The government through its 100% state-owned national oil company, Nigerian National Petroleum Corporation (NNPC) has had an all-encompassing control over the industry through its shareholding in all the companies involved and in the setting of wholesale and retail prices.
Upstream
The upstream oil industry is the single most important sector in the country economy, providing over 90% of its total exports.
Oil is produced from five of Nigeria’s seven sedimentary basins: the Niger Delta, Anambra, Benue Trough, Chad, and Benin. The Niger Delta, the Onshore and Shallow Offshore basins can be considered fairly well to well explored. Ventures here are low risk and the basins contain about 80% of producing wells drilled in Nigeria. During the later 1990s exploration focus turned to high-risk ventures in the frontier basins of the deep water offshore with encouraging success. These ventures are becoming increasingly attractive with developments in deepwater exploration and production technology.
Down Stream
The downstream oil industry in Nigeria is another key sector in the country economy. The country has four oil refineries with a nameplate capacity of 445 000 bbl/d and there are eight oil companies and 750 independents — all active in the marketing petroleum products. Problems such as fire, sabotage, poor management, lack of turn around maintenance and corruption have meant that the refineries often operate at 40% of full capacity, if at all.
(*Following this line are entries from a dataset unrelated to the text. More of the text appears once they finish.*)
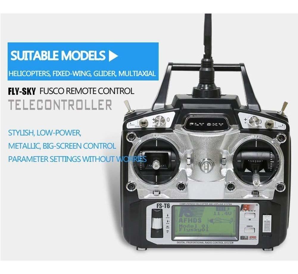 RCmall Flysky FS-T6 de Control de Radio 2.4G Transmisor + Receptor de 6 canales para Drone de carreras de helicópteros RC
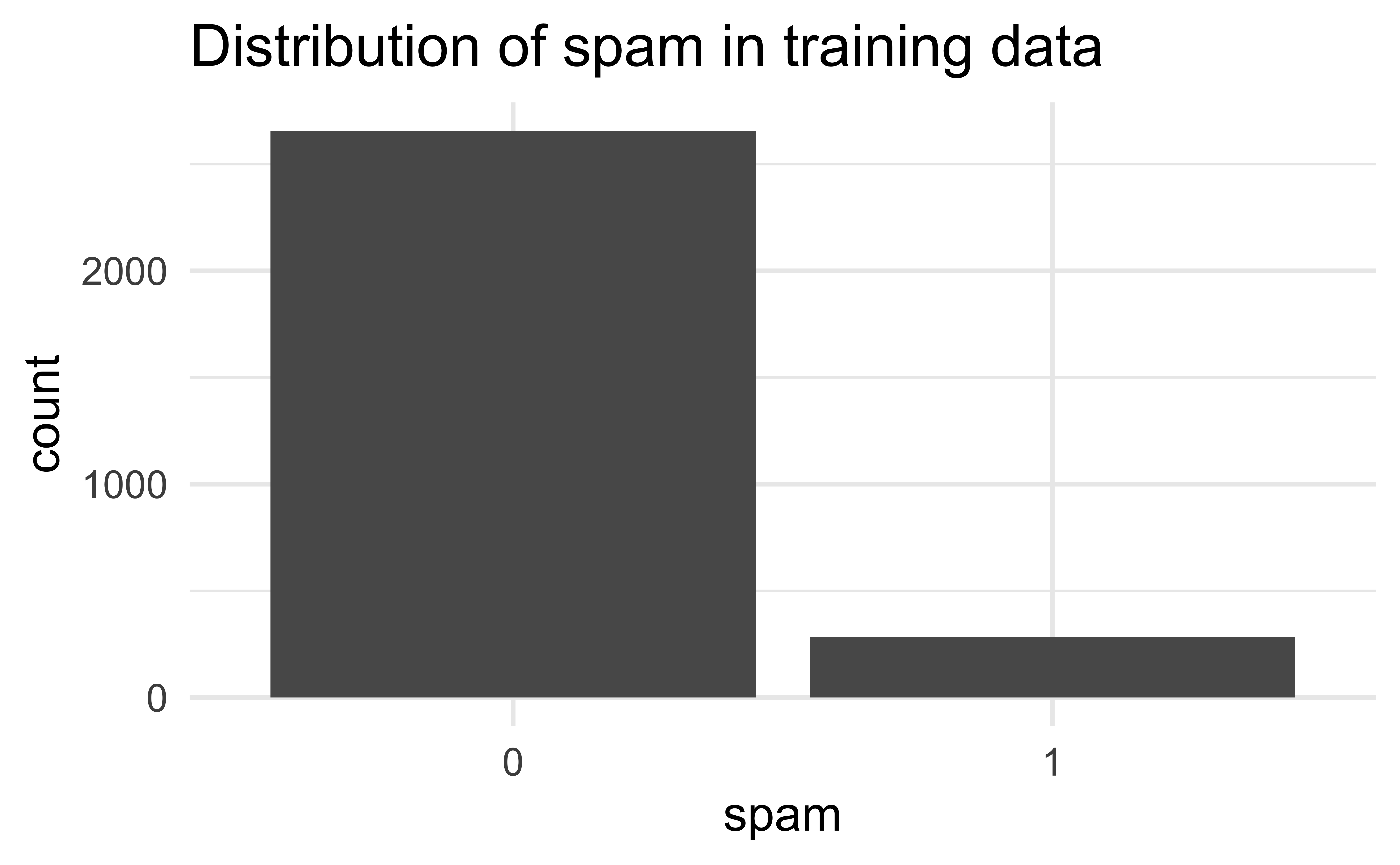 email_test <- testing(email_split)The sample is unbalanced with respect to spam.
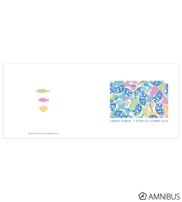 サンボンリボン「14歳のサマーソーダ」をイメージし、サイダー缶や三姉妹の名前をモチーフに組み合わせてデザインしました。

This has resulted in shortages of refined product and the need to increase imports to meet domestic demand.
Nigeria has a robust petrochemicals industry based on its substantial refining capacity and natural gas resources. The petrochemical industry is focussed around the three centres of Kaduna, Warri and Eleme.
Sector Reform History
Until 1960, government participation in the oil industry was limited to the regulation and administration of fiscal policies. In 1971, Nigeria joined OPEC and in line with OPEC resolutions, the Nigerian National Oil Corporation (NNOC) was established, later becoming Nigerian National Petroleum Corporation (NNPC) in 1977. This giant parastatal, with all its subsidiary companies, controls and dominates all sectors of the oil industry, both upstream and downstream.
Deregulation of the downstream energy sector remains a stated government aim. But this is likely to depend on the still heavily subsidised prices being allowed to rise to international levels. Many Nigerians regard oil as a gift from God and their natural right to enjoy on the cheap, a sentiment that will make any government rethink its commitment to more realistic prices by risking its future.
In November 1999, Obasanjo announced that the market for petroleum prices would be deregulated which would offer the country debt relief. He noted that all petroleum prices would be fully deregulated and domestic crude allocation to the NNPC would be paid for at export parity with immediate effect. This would have an immediate effect on pump prices. Outcries by the National Labour Congress and the public have led the government in December 1999 to state that it had no immediate plans to end the fuel subsidy and to defer price increases.
In April 2000, the Nigerian government set up a committee to investigate reform in the oil and gas sector with a focus on the deregulation and privatization of the NNPC. Under the privatization programme seven subsidiaries are to be sold. These are all downstream companies and include the refineries, the Eleme Petrochemicals Company Ltd, the Nigerian Petroleum Development Company and Hyson Nigeria Ltd.
The former Secretary-General of OPEC, Dr Rilwanu Lukman, is a Nigerian national and Petroleum Advisor to the President.
The Ministry of Petroleum Resources regulates the petroleum industry in Nigeria. The government retains close control over the industry and the activities of the NNPC, whose senior executives are appointed by the ruling government.